I use my 4x4 truck tailgate down and its about perfect hieght.I do 
everything till it's time to fetch off the ground.


----------



## Rich Schultheis (Aug 12, 2006)

I use the grad student version of the FF table, my washing machine.


----------



## moose203 (May 2, 2007)

being disabled (below the knee amputee) i use a table out of convenience so i don't have to kneel down, but when it is time to fetch from the ground obviously no table, i have done it both ways i think there is a bit more control on the table at the beginning stages just my .02


----------



## Dave Burton (Mar 22, 2006)

I'm in the middle of FF with my 3rd dog in 2 yrs. When I started with this one I saw right off he didn't like the table. I got him holding well and fetching on command on the table but when I tried to get any forward movement he locked up,even tried to back up a little. Rather than fight over this I decided to go to the ground. Two days later he is lungeing out 3 ft to get it on command. Point being it's really your preference and see how the dog responds. If he has trouble on the table go to the ground and vice versa. good luck


----------



## caglatz (Aug 21, 2006)

I don't use a table --- prefer to sit on a bucket and FF from the ground, using the ear pinch method (obviously you can't use the toe hitch). I've seen a lot of tables but didn't have the inclination to build one. I followed Evan Graham's SmartFetch stuff - he didn't use a table either.


----------



## Howard N (Jan 3, 2003)

If I ff'd lots of dogs I'd build a table. For 1 or 2 dogs a year it isn't worth it.

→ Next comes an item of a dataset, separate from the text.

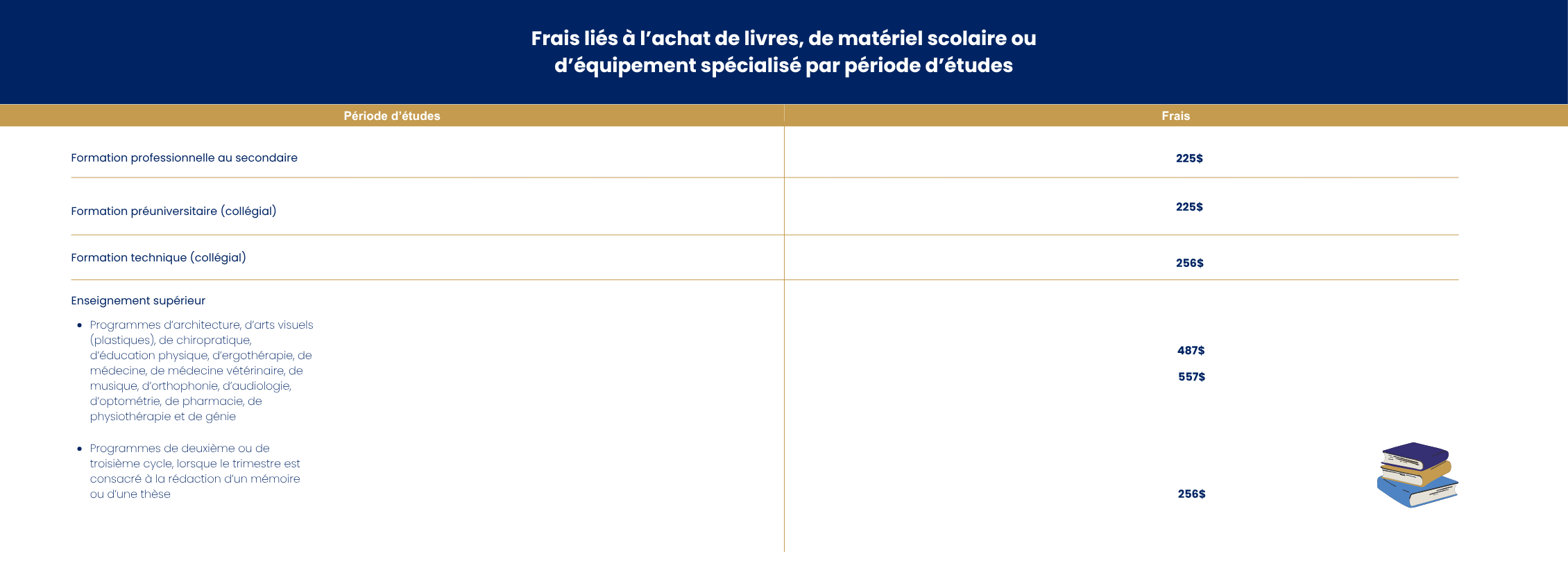 - Vous pouvez demander jusqu'à 88 $ par mois pour les études, avec un maximum de 707 $ par an.
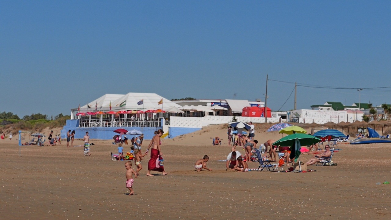 ポルトガル国境にほど近い,スペインの海岸 La Antilla. 目の前に広がる海は,ジブラルタル海峡より西なので,大西洋.気温もアンダルシアとしては高くなく,海もきれい.比較的人も少なく,無料駐車場もあり,泳ぐには最適なところ.レンタカーでLepeをめざし,その先の海岸になる.ホテルも結構あった.無料駐車場はIslantilla通りを西に突き当りを左折して,海岸べりに出るとある.

I do it off the ground/floor.


----------



## jburn34 (May 12, 2006)

I put this together this afternoon...nothing fancy, but it does elevate him a little. Also, with the leash secured above him, he realized he could fight all he wanted but he couldn't lay down and he couldn't wrestle with me...


----------



## George C. Tull (Aug 25, 2006)

I sit in a chair on the back portch for starting hold then moved to the ground. Got into the ear pinch actually sitting in front of the TV with Smartfetch on sitting on the couch. Worked out fine for me.


----------



## BrettG (Apr 4, 2005)

A table with cable system for restraint will allow you to get through some pressure avoidance easier. The first response to the pressure alot of the time is to lay down. A dog that is attached to the cable system can't lie down to avoid the pressure. Yes you have to move to the ground but by the time you go to the ground they have learned to deal with the pressure not avoid it.


----------



## Marty Bullington (Dec 15, 2005)

Before I move to the ground, I want toe nail marks in the plywood where the dog is digging down the table to "fetch". You can still use the cable as you progress in force on the table. When I move to the ground, I want the table to have been a big success.


----------



## Jason E. (Sep 9, 2004)

I just start straight from the ground . Never use a bench or table.


----------



## badbullgator (Dec 20, 2004)

I use a table to save my back and it gives more control


----------



## Marty Bullington (Dec 15, 2005)

Jason E. said:


> I just start straight from the ground . Never use a bench or table.


Starting from the ground has been known to cause creeping at FT!


----------



## Jason E. (Sep 9, 2004)

Marty Bullington said:


> Starting from the ground has been known to cause creeping at FT!


LOL .... Now thats funny .. LMAO


----------



## Gordy Weigel (Feb 12, 2003)

Marty Bullington said:


> Starting from the ground has been known to cause creeping at FT!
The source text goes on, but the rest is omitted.